For official government data – the guardian’s World Government Data Search looks across a range of data catalogues like http://data.gov.uk. Find it at http://www.guardian.co.uk/world-government-data and search for keywords or topics of interest to you.

You can also search http://data.gov.uk direct to browse data my department or topic.

http://ckan.net/ provides a catalogue of open data from many different sources – including government data, NGOs and research projects. It is a good place to ‘register’ any open data you create. It is also wiki-like, meaning any user can edit the records – allowing the creation of ‘collections’ of data on a particular topic: e.g. ‘arms trade’.

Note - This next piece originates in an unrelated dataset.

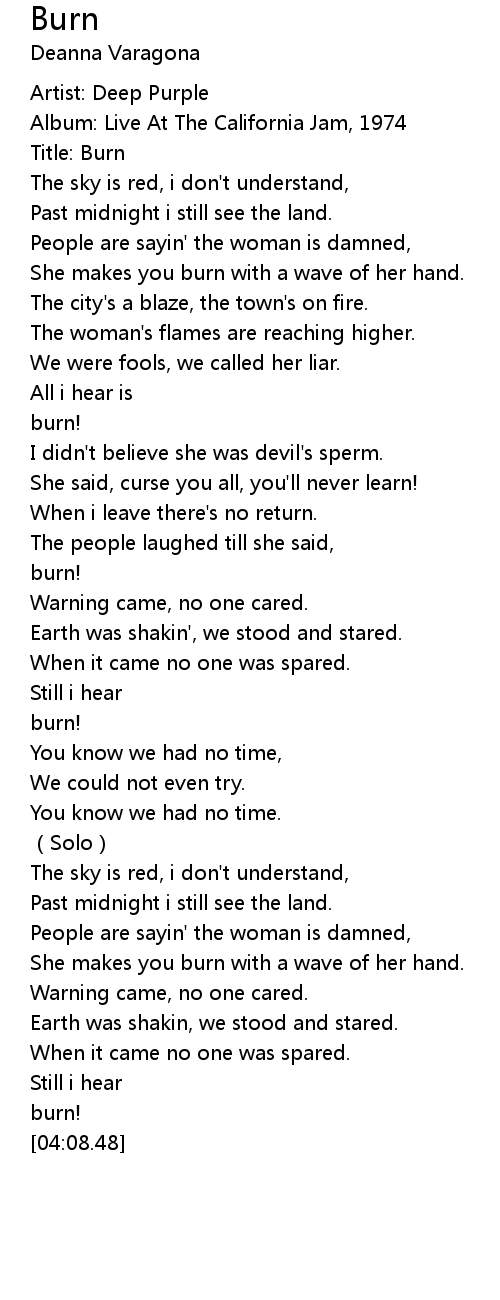 | [03:36.82] | She makes you burn with a wave of her hand. |

ScraperWiki.com provides a collection of ‘scrapers’ which collect structured data from unstructured data-sources (i.e. make open data where the original publisher didn’t provide it). For example, generating a dataset of hospitality received by UK Government Ministers, originally only available as a large collection of different word documents is now here: http://scraperwiki.com/scrapers/government-meetings-with-external-organisations-ne/ and available for download (Update: it’s also now available from http://transparency.number10.gov.uk/)

If you are looking for a particular dataset – it can be worth asking in the data.gov.uk forums, or using the #opendata hash-tag on Twitter.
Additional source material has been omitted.